--- START ---

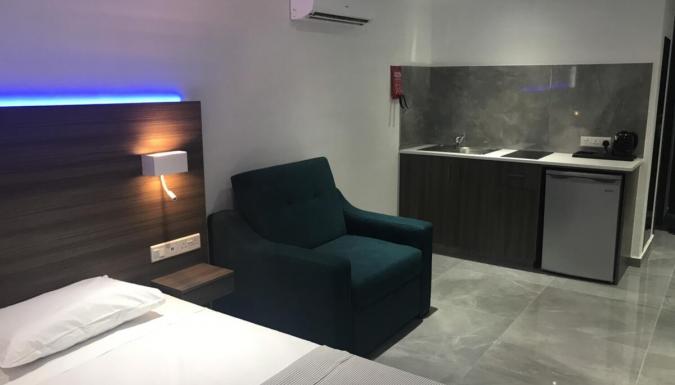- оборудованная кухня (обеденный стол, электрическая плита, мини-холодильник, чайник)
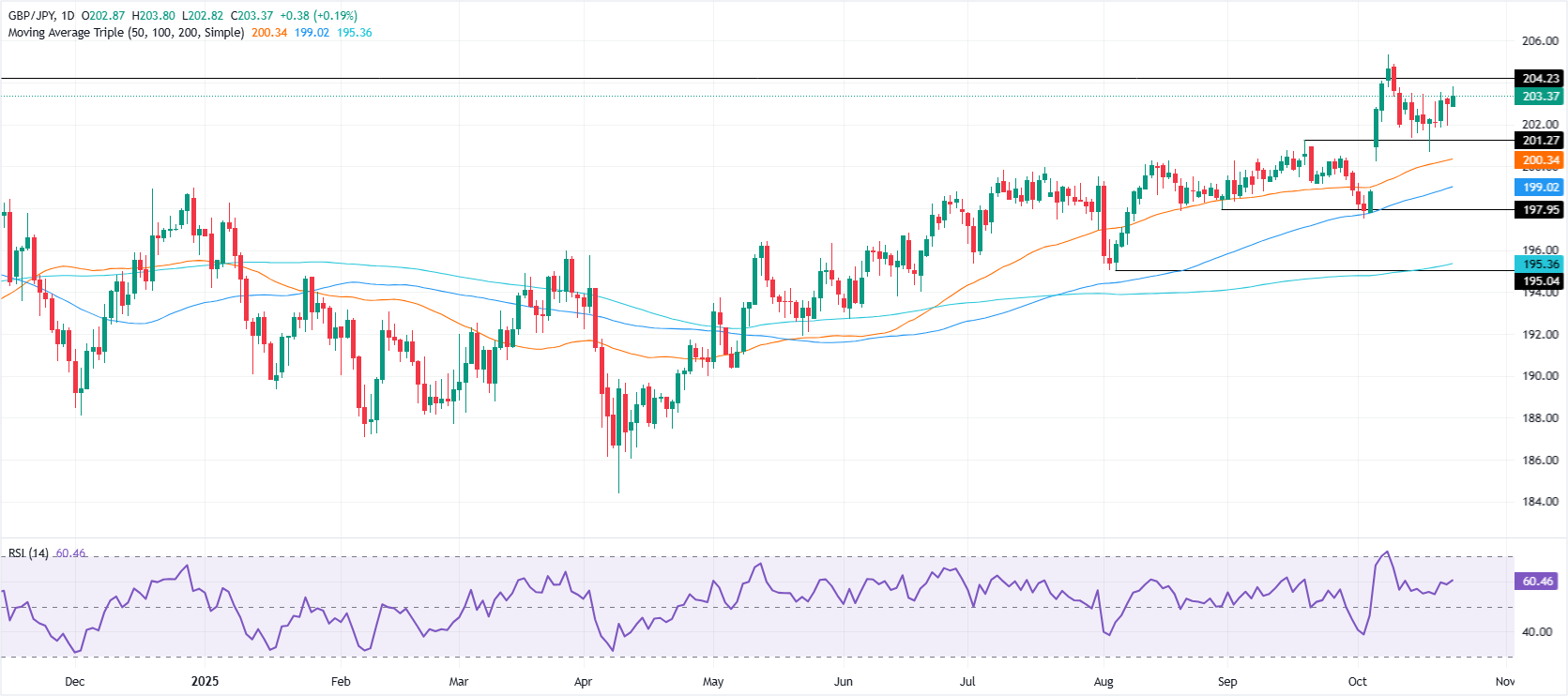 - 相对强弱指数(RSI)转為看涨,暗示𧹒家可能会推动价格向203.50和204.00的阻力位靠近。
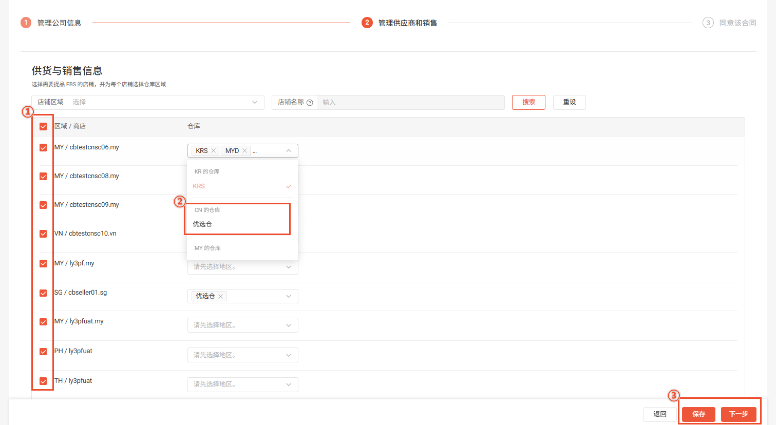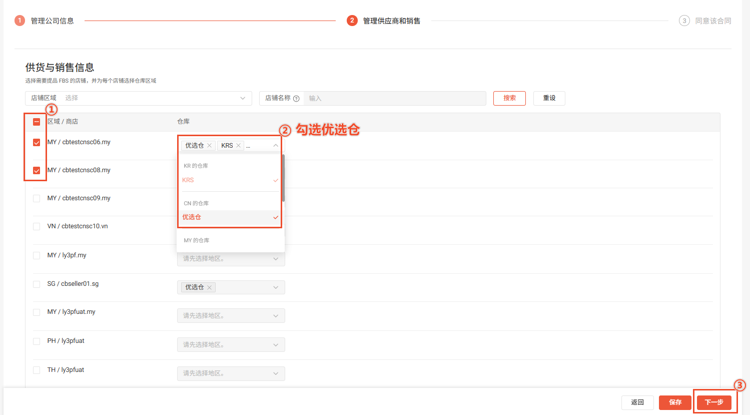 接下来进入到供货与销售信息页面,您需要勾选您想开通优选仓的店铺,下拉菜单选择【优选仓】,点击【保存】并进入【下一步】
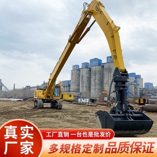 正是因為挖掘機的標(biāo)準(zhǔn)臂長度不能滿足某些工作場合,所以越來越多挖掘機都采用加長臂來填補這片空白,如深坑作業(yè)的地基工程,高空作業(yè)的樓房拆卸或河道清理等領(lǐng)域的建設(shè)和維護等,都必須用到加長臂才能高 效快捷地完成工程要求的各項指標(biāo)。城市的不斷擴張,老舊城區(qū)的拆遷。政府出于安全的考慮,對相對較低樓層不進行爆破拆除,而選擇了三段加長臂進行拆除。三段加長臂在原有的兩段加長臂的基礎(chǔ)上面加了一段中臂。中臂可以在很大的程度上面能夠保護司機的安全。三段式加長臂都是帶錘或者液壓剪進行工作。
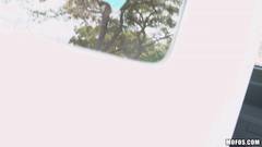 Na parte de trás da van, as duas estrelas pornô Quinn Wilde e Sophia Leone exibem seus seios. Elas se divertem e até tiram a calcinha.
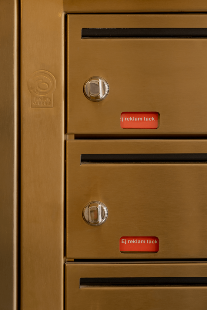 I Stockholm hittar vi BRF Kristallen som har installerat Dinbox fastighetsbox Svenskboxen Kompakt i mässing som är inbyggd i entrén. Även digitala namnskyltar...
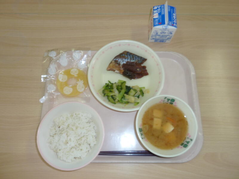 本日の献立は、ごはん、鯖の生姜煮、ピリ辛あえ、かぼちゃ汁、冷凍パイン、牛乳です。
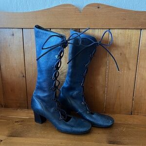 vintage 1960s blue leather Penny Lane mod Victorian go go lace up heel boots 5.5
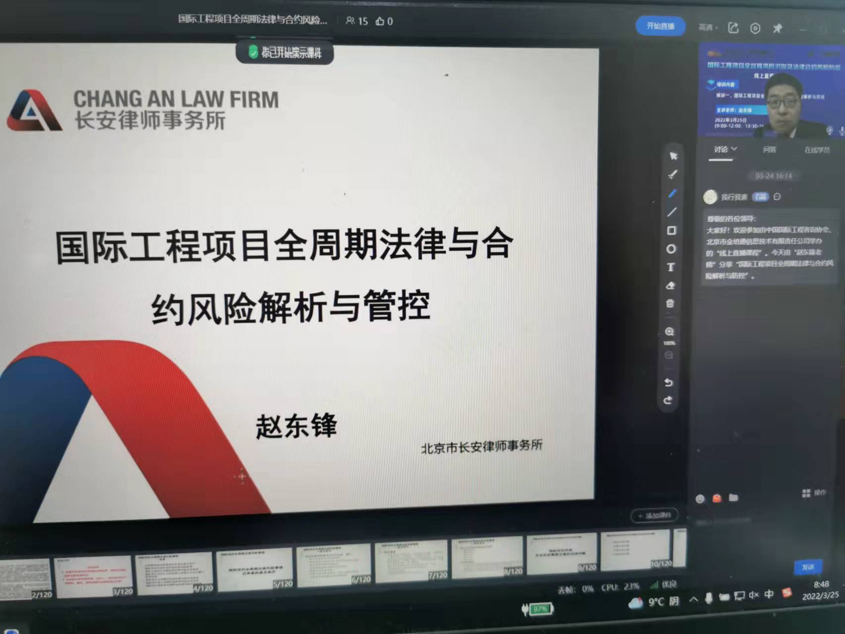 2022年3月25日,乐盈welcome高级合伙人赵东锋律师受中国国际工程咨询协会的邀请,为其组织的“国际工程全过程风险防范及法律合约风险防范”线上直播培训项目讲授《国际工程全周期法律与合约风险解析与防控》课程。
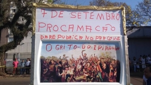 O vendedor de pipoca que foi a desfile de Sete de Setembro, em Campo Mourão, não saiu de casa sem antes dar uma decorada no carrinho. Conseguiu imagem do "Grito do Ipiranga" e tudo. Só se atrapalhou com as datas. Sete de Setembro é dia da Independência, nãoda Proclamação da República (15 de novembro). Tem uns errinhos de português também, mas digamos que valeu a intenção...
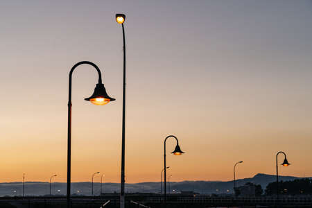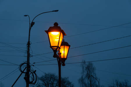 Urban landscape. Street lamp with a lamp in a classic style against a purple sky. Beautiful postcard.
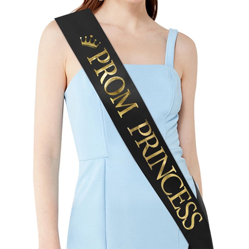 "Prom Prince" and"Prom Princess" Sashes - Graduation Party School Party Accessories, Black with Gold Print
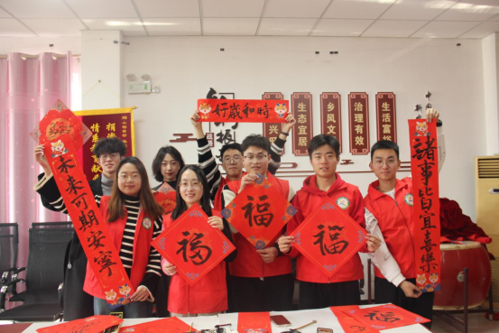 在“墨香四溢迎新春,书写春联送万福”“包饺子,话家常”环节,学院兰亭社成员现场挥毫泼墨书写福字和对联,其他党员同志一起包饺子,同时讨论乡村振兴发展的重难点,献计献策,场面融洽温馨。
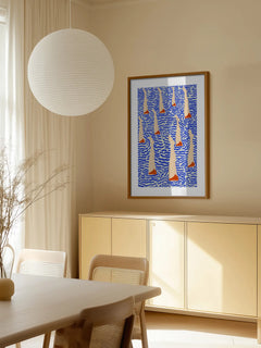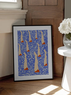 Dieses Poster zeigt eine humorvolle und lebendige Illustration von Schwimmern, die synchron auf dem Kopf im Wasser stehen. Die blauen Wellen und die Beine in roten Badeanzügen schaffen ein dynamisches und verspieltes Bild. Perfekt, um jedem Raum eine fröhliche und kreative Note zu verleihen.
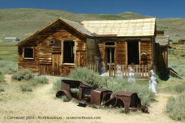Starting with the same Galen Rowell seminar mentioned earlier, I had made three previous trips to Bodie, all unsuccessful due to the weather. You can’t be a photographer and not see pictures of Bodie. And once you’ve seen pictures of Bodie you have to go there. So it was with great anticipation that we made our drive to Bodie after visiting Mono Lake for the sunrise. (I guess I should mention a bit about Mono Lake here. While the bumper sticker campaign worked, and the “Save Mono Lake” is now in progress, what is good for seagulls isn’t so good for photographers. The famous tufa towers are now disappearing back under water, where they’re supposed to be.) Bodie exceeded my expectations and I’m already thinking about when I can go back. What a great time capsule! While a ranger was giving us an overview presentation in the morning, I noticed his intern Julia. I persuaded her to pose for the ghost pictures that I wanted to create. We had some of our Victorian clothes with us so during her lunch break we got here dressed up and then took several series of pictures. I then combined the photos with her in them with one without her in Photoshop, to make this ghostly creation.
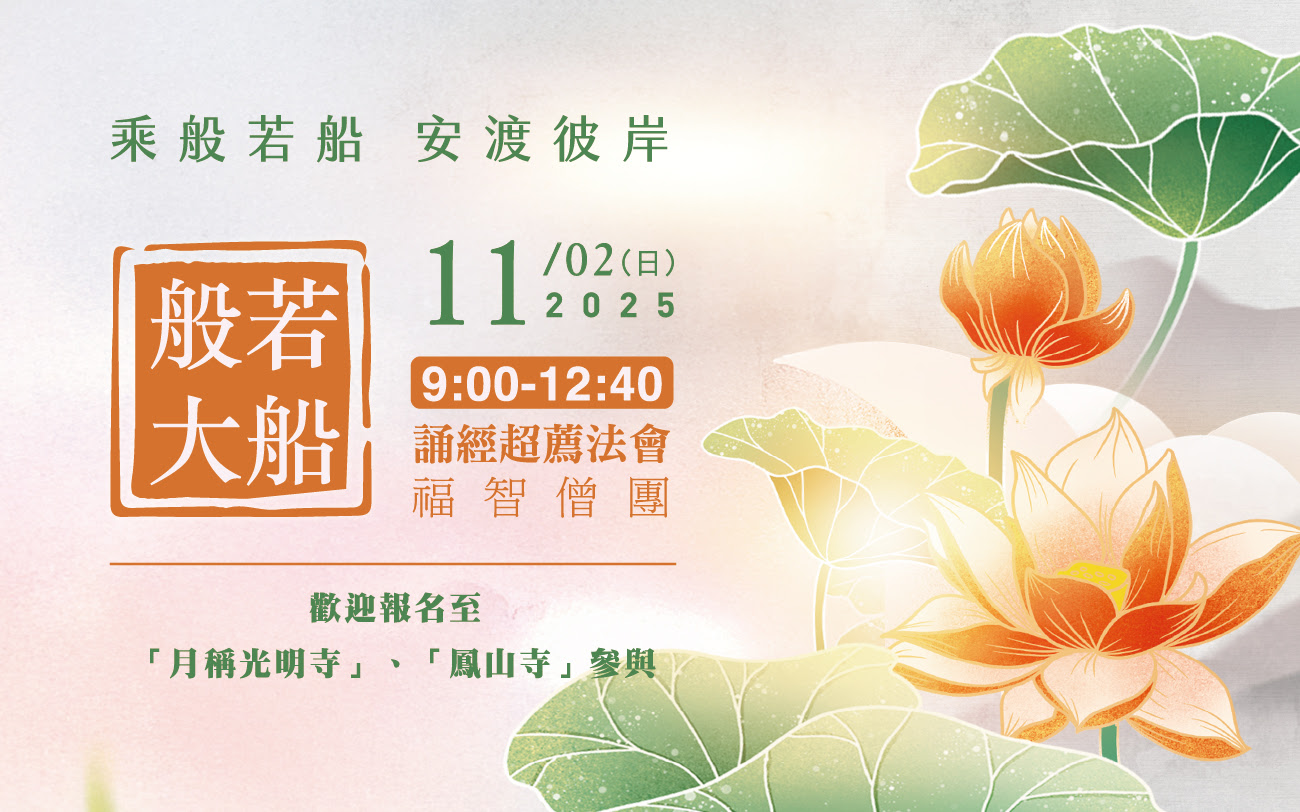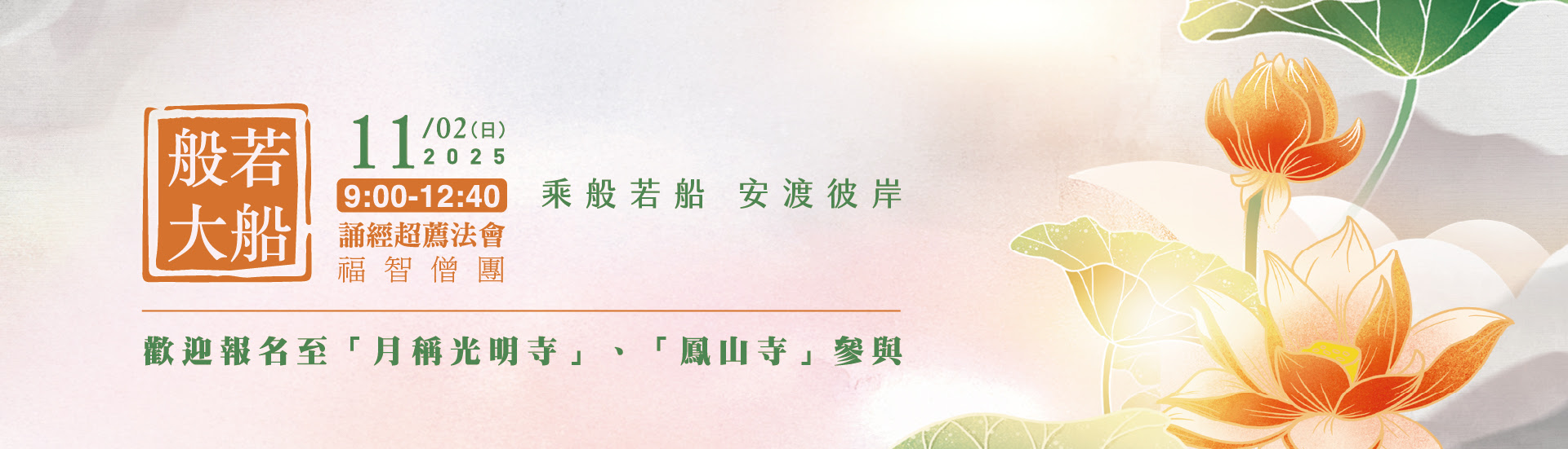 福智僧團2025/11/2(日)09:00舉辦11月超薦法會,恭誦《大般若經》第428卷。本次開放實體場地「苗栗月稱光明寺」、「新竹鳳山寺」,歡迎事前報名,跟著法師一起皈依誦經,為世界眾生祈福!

--- END ---

Pictures don't belong in the copy. Restate all the entries exactly.

- оборудованная кухня (обеденный стол, электрическая плита, мини-холодильник, чайник)
 - 相对强弱指数(RSI)转為看涨,暗示𧹒家可能会推动价格向203.50和204.00的阻力位靠近。
 接下来进入到供货与销售信息页面,您需要勾选您想开通优选仓的店铺,下拉菜单选择【优选仓】,点击【保存】并进入【下一步】
 正是因為挖掘機的標(biāo)準(zhǔn)臂長度不能滿足某些工作場合,所以越來越多挖掘機都采用加長臂來填補這片空白,如深坑作業(yè)的地基工程,高空作業(yè)的樓房拆卸或河道清理等領(lǐng)域的建設(shè)和維護等,都必須用到加長臂才能高 效快捷地完成工程要求的各項指標(biāo)。城市的不斷擴張,老舊城區(qū)的拆遷。政府出于安全的考慮,對相對較低樓層不進行爆破拆除,而選擇了三段加長臂進行拆除。三段加長臂在原有的兩段加長臂的基礎(chǔ)上面加了一段中臂。中臂可以在很大的程度上面能夠保護司機的安全。三段式加長臂都是帶錘或者液壓剪進行工作。
 Na parte de trás da van, as duas estrelas pornô Quinn Wilde e Sophia Leone exibem seus seios. Elas se divertem e até tiram a calcinha.
 I Stockholm hittar vi BRF Kristallen som har installerat Dinbox fastighetsbox Svenskboxen Kompakt i mässing som är inbyggd i entrén. Även digitala namnskyltar...
 本日の献立は、ごはん、鯖の生姜煮、ピリ辛あえ、かぼちゃ汁、冷凍パイン、牛乳です。
 vintage 1960s blue leather Penny Lane mod Victorian go go lace up heel boots 5.5
 2022年3月25日,乐盈welcome高级合伙人赵东锋律师受中国国际工程咨询协会的邀请,为其组织的“国际工程全过程风险防范及法律合约风险防范”线上直播培训项目讲授《国际工程全周期法律与合约风险解析与防控》课程。
 O vendedor de pipoca que foi a desfile de Sete de Setembro, em Campo Mourão, não saiu de casa sem antes dar uma decorada no carrinho. Conseguiu imagem do "Grito do Ipiranga" e tudo. Só se atrapalhou com as datas. Sete de Setembro é dia da Independência, nãoda Proclamação da República (15 de novembro). Tem uns errinhos de português também, mas digamos que valeu a intenção...
 Urban landscape. Street lamp with a lamp in a classic style against a purple sky. Beautiful postcard.
 "Prom Prince" and"Prom Princess" Sashes - Graduation Party School Party Accessories, Black with Gold Print
 在“墨香四溢迎新春,书写春联送万福”“包饺子,话家常”环节,学院兰亭社成员现场挥毫泼墨书写福字和对联,其他党员同志一起包饺子,同时讨论乡村振兴发展的重难点,献计献策,场面融洽温馨。
 Dieses Poster zeigt eine humorvolle und lebendige Illustration von Schwimmern, die synchron auf dem Kopf im Wasser stehen. Die blauen Wellen und die Beine in roten Badeanzügen schaffen ein dynamisches und verspieltes Bild. Perfekt, um jedem Raum eine fröhliche und kreative Note zu verleihen.
Starting with the same Galen Rowell seminar mentioned earlier, I had made three previous trips to Bodie, all unsuccessful due to the weather. You can’t be a photographer and not see pictures of Bodie. And once you’ve seen pictures of Bodie you have to go there. So it was with great anticipation that we made our drive to Bodie after visiting Mono Lake for the sunrise. (I guess I should mention a bit about Mono Lake here. While the bumper sticker campaign worked, and the “Save Mono Lake” is now in progress, what is good for seagulls isn’t so good for photographers. The famous tufa towers are now disappearing back under water, where they’re supposed to be.) Bodie exceeded my expectations and I’m already thinking about when I can go back. What a great time capsule! While a ranger was giving us an overview presentation in the morning, I noticed his intern Julia. I persuaded her to pose for the ghost pictures that I wanted to create. We had some of our Victorian clothes with us so during her lunch break we got here dressed up and then took several series of pictures. I then combined the photos with her in them with one without her in Photoshop, to make this ghostly creation.
 福智僧團2025/11/2(日)09:00舉辦11月超薦法會,恭誦《大般若經》第428卷。本次開放實體場地「苗栗月稱光明寺」、「新竹鳳山寺」,歡迎事前報名,跟著法師一起皈依誦經,為世界眾生祈福!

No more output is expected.